IMPACT
07/01/2016 04:01 pm ET Updated Aug 30, 2016

1 In 6 U.S. Households Didn't Have Enough Money For Food Last Year: Report

They're the lowest figures since such data has been available.
A father feeds his son dinner at a soup kitchen run by the Food Bank For New York City. The food bank distributes dry, canned
John Moore via Getty Images
A father feeds his son dinner at a soup kitchen run by the Food Bank For New York City. The food bank distributes dry, canned and fresh food to needy residents and works with community based member programs to provide some 400,000 free meals per day throughout the city.
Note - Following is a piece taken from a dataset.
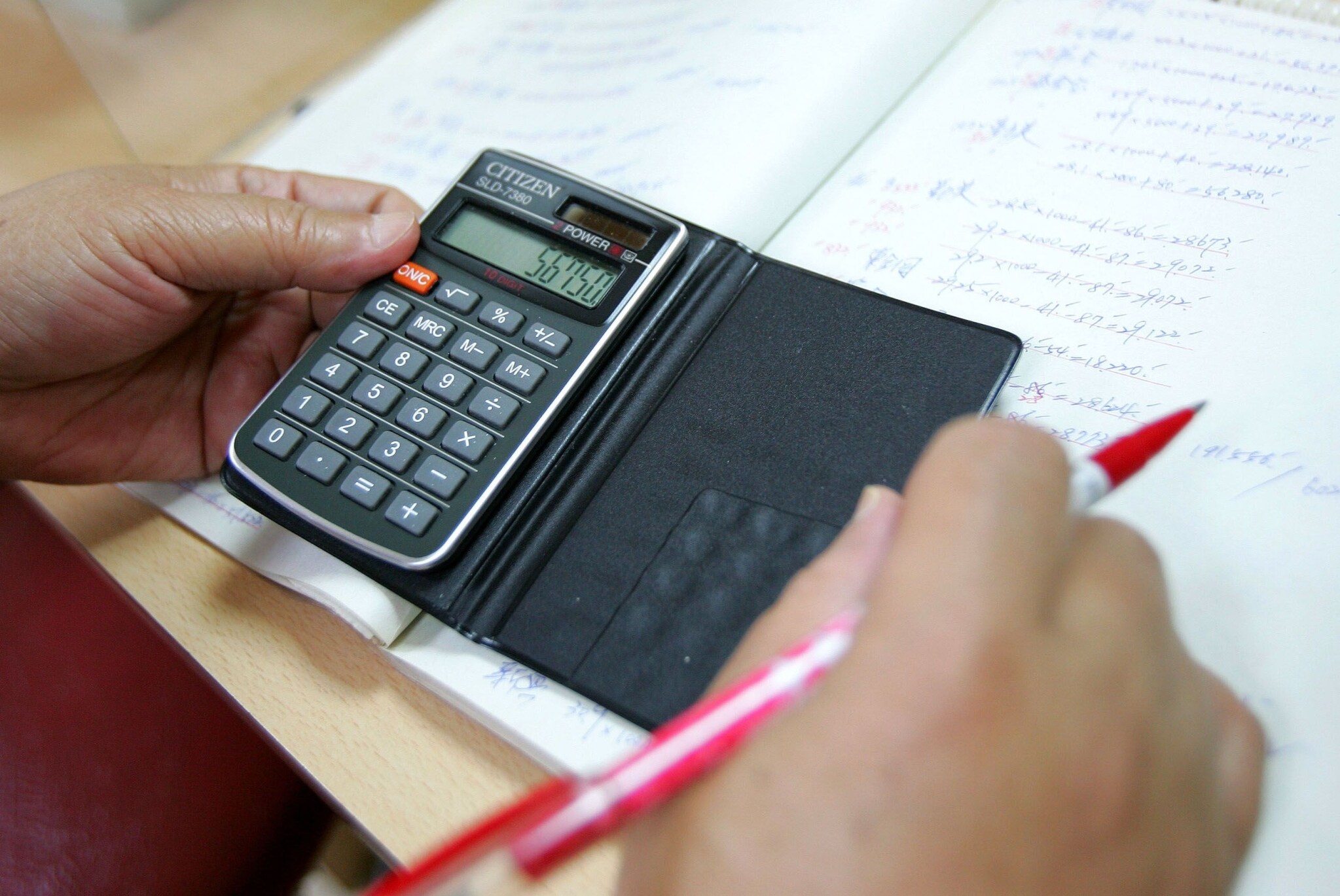 A person uses a calculator. (Photographer: Maurice Tsai/Bloomberg News)

One in six households struggled to buy food last year, according to a new report.

While the figures are “unacceptable,” they mark the sharpest decline since such data has been made available.

More than 170,000 households were surveyed last year and asked if they had trouble at any point gathering funds to buy food. Of those surveyed, 16 percent said they couldn’t afford food at times, according to data collected by Gallup and released by the Food Research & Action Center section as part of its new report, “How Hungry Is America?” 
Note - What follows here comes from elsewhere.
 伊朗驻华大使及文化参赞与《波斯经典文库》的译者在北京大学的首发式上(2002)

That was a significant drop from 2013, when 18.9 percent of respondents said they couldn’t afford food.

Gallup began collecting the food insecurity data in 2008 during the height of the Great Recession. The statistics have improved thanks to declines in unemployment, increases in the share of eligible families receiving SNAP benefits (formerly known as food stamps) and insurance affordability under the Affordable Care Act, among other considerations.

While the improvements are a step in the right direction, experts say it’s still too soon to celebrate. 

Maggie Barcellano prepares dinner at her father's house in Austin, Texas. Barcellano enrolled in the food stamps program to h
ASSOCIATED PRESS
Maggie Barcellano prepares dinner at her father's house in Austin, Texas. Barcellano enrolled in the food stamps program to help save up for paramedic training while she works as a home health aide.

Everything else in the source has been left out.